The reddit bot that detects other bots.
This repository hosts an Artifical Neural Network (ANN) that can be used to detect comment spambots on Reddit. Using 9 key statistics and over 400 examples, the bot is able to successfully classify most users with high confidence. The Neural Network itself is a basic feed-forward, with hyperparameters as follows:
-
0.15 learning rate
-
9 inputs, 64 hidden units, 1 output
-
sigmoid activation function
-
10,000 training iterations
All of these can be adjusted easily in the source code (note that if you change the activation function, you will also have to adjust the calculations for gradient descent). The code is heavily commented and informed pull requests are welcome -- I am definitely still learning myself.
You will need to install praw, nltk, and scipy if they are not already installed. When installing nltk, be sure to download the relevant material via nltk.download
.
Once this is done, clone the repository and run detector.py
using Python 3. If you get any errors about Reddit authentication, you will need to go into utils.py
and supply your credentials where the PRAW object is authenticated (line 6).

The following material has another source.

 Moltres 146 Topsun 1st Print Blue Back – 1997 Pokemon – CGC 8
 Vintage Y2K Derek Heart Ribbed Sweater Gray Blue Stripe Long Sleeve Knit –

Instructions on how to use OAuth can be found here.
You can now open detector.py
; run the isABot
function with any username, and you will get back a number between 0 and 1 that represents how much the Neural Network thinks the user is a bot.

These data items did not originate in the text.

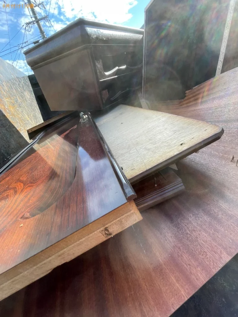 | 担当のコメント | 婚礼タンスの処理にお困りのお客様からご相談いただきました。指定日に回収可能なことがご依頼の決め手になったようです。片付け110番では、二階の窓からの搬出や階段での運び出しも行わせていただきます。不用品がございましたらまたいつでもご相談ください。 |
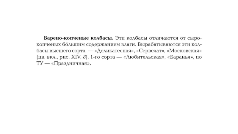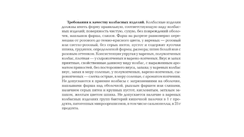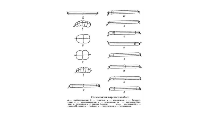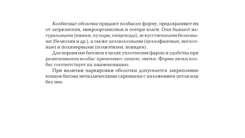 оболочки, небрежную вязку, небольшие видимые пустоты под оболочкой (1–2 см), небольшие слипы – бледноокрашенные части батонов в виде продольных полос; небольшую морщинистость оболочки; для копченых и полукопченых колбас – неравномерную или недостаточную прокопченность батонов.
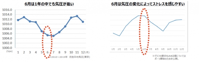 今回の調査で回答が多かった「だるさ」や「頭痛」、「冷え」は、“気象病”と呼ばれる、気圧や気温の変化によって起こるさまざまな体調不良の症状の一つとして考えられます。6月は、天候が悪い日が多く、低気圧の影響を多く受ける月です。リンパの流れや血流循環は、外からの圧が適度にかかることで安定するため、圧が弱くなるほど循環が悪くなってしまいます。そのため、低気圧の日は、体の中の循環が悪くなり、血流低下、新陳代謝の低下につながり、それによって肌のバリア機能の低下も進むのです。

The current code is far from optimized. If you would like to add more statistics for the bot to consider, you can do so in the utils.py
file, which hosts the main User
. Implementing additional features will require you to update the User
class to reflect them, as well as re-generate the data.csv
file and increase the number of inputs the network accepts.
If you simply want to adjust the hyperparameters, then no data gathering or additional adjustments are necessary.